IN THE end the choice was made for them when Tim Rodber's hamstring gave way again. Without Rodber and Dean Richards, England's selectors can no longer exclude Neil Back, chosen yesterday to make his debut against Scotland at Murrayfield on Saturday.
However it was arrived at, the flaxen-haired flanker's selection is creative and attacking: Back to basics, as it were. Now the onus is on Back to prove that sizeism in rugby - the current predilection for gigantic forwards, not least in the back row - is a mistaken philosophy.
At 5ft 10in, Back has unavoidable limitations as a line-out forward, but the continuity his uncanny positional and support play will give the England back line will more than compensate. Even Geoff Cooke, the England manager, finally appears to have been persuaded. 'Neil has had a long wait,' Cooke said as England trained at Twickenham yesterday. 'He is confident, knows what he's good at, and his continuity skills can help because we're under-achieving outside the scrum.'
Absolutely right, as Leicester, the Midlands, England A and B and even the England captain himself would readily testify. 'Will Carling said I deserved my chance and I think so, too,' Back said. 'I couldn't be in better shape for this international.'
He began the season as Peter Winterbottom's heir-apparent, only to lose out to the big battalions - Rodber, Richards and Clarke - when the team played New Zealand two months ago. After that, not everyone was as sanguine as Back, who said yesterday: 'I never doubted my chance would come.'
His introduction is among three changes from the side who beat the All Blacks. Richards's dislocated elbow and now Rodber's torn hamstring entail a reshaped back row in which Ben Clarke moves from open side to No 8, with the Bath captain, John Hall, thoroughly meriting a return on the blind side more than three years after his 20th cap and 10 years and a day after winning his first, coincidentally at Murrayfield.

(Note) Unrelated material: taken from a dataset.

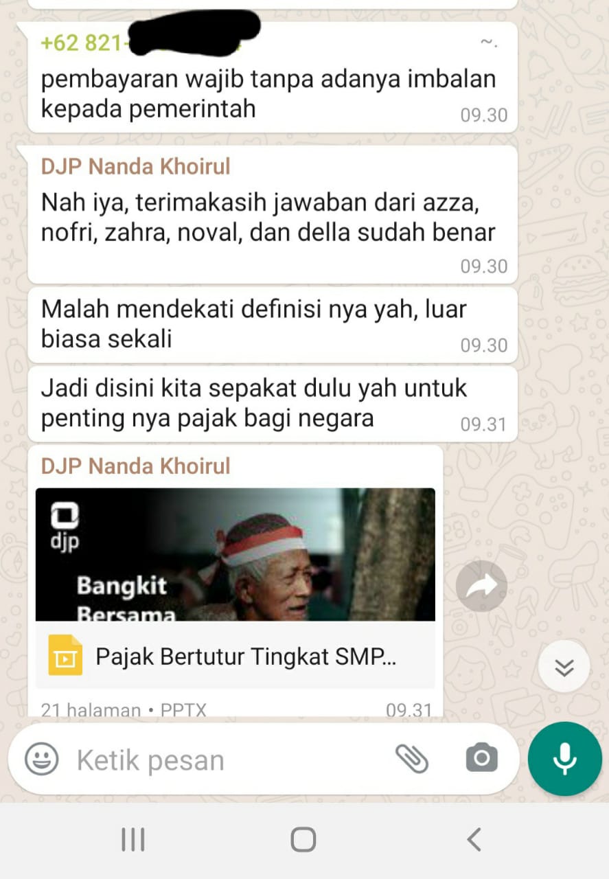 Kantor Pelayanan, Penyuluhan, dan Konsultasi Perpajakan (KP2KP) Paringin melaksanakan kegiatan Tax Goes To School (TGTS) secara virtual melalui media WhatsApp bersama dengan SMPN 1 Paringin, Kabupaten Balangan, Kalimantan Selatan (Kamis, 24/9).

Martin Bayfield's heartening recovery from a neck injury would have brought the 6ft 10in lock's return whatever Nigel Redman's state of fitness. In fact Redman has had injury troubles of his own but is deemed fit enough to represent England A against Italy in Piacenza on the day of the Scotland match.
Redman was surprised to find out his fitness was considered adequate for the As but not the seniors, and he could be excused further puzzlement once he discovered that one comeback match for Bristol was sufficient for Kyran Bracken to retain his place at scrum-half. Until Saturday, Bracken had not played since Jamie Joseph stamped on his ankle at Twickenham.
Otherwise the selection was as straightforward as could be, given that Jeremy Guscott remains among the walking wounded. Changes of longer-term significance take place on the bench, where the elevation of Mike Catt and Steve Ojomoh is a reminder of England's enviable strength in depth.
ENGLAND (v Scotland, Murrayfield, 5 February): J Callard (Bath); T Underwood (Leicester), P de Glanville (Bath), W Carling (Harlequins, capt), R Underwood (Leicester); R Andrew (Wasps), K Bracken (Bristol); J Leonard, B Moore (Harlequins), V Ubogu (Bath), M Johnson (Leicester), M Bayfield (Northampton), J Hall, B Clarke (Bath), N Back (Leicester). Replacements: M Catt, S Barnes (Bath), D Morris (Orrell), G Rowntree (Leicester), G Dawe, S Ojomoh (Bath).